## DATA EXCERPT
= = =
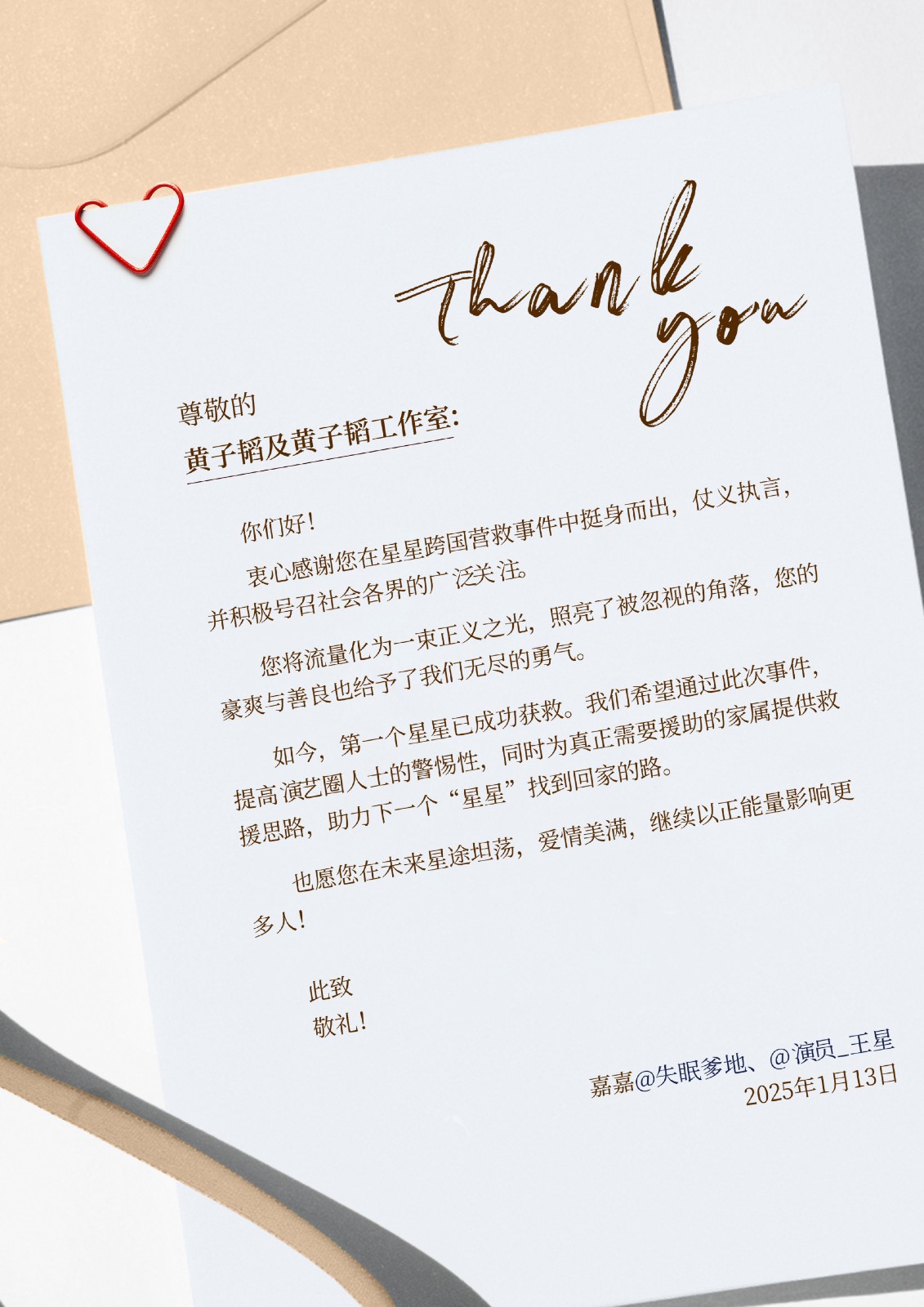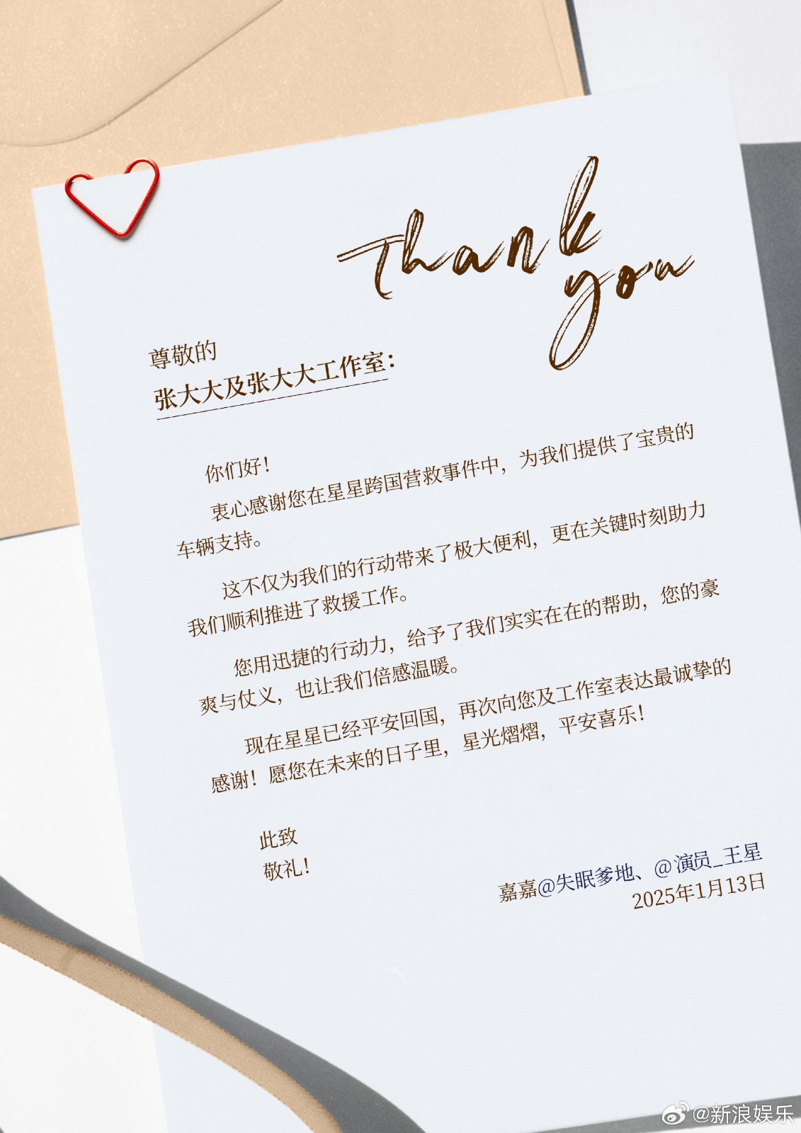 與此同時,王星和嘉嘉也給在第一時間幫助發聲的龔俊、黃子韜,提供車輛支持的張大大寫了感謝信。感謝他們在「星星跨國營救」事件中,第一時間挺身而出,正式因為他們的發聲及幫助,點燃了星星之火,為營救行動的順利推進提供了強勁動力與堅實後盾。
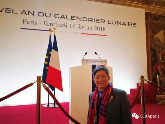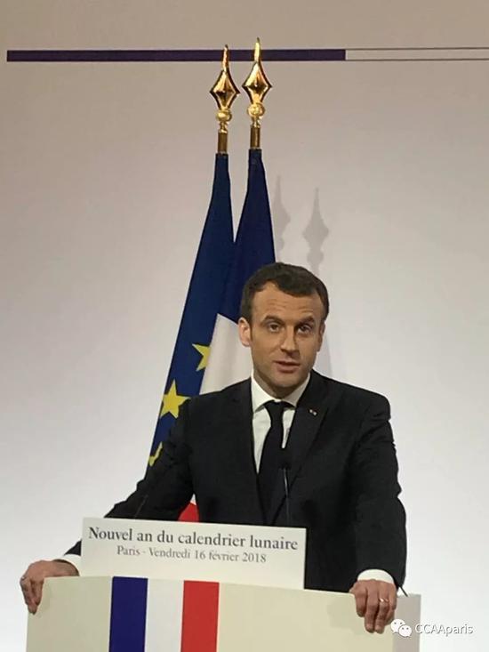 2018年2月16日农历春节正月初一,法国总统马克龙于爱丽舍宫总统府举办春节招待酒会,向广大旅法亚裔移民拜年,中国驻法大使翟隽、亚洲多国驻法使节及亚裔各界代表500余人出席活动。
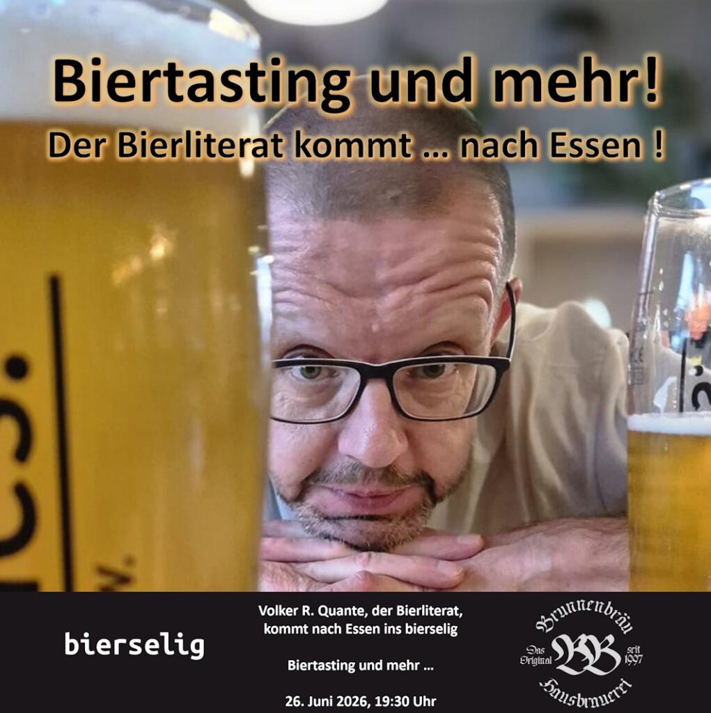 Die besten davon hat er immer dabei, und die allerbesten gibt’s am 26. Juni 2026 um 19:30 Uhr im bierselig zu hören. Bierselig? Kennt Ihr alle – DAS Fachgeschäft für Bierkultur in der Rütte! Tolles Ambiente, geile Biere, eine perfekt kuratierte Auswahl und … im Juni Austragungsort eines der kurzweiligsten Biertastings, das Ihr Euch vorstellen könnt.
= = =
## EXERCISE DIRECTIONS
Give back all of the material exactly, though without the images it contains.

## WRITTEN SOLUTION
 與此同時,王星和嘉嘉也給在第一時間幫助發聲的龔俊、黃子韜,提供車輛支持的張大大寫了感謝信。感謝他們在「星星跨國營救」事件中,第一時間挺身而出,正式因為他們的發聲及幫助,點燃了星星之火,為營救行動的順利推進提供了強勁動力與堅實後盾。
 2018年2月16日农历春节正月初一,法国总统马克龙于爱丽舍宫总统府举办春节招待酒会,向广大旅法亚裔移民拜年,中国驻法大使翟隽、亚洲多国驻法使节及亚裔各界代表500余人出席活动。
 Die besten davon hat er immer dabei, und die allerbesten gibt’s am 26. Juni 2026 um 19:30 Uhr im bierselig zu hören. Bierselig? Kennt Ihr alle – DAS Fachgeschäft für Bierkultur in der Rütte! Tolles Ambiente, geile Biere, eine perfekt kuratierte Auswahl und … im Juni Austragungsort eines der kurzweiligsten Biertastings, das Ihr Euch vorstellen könnt.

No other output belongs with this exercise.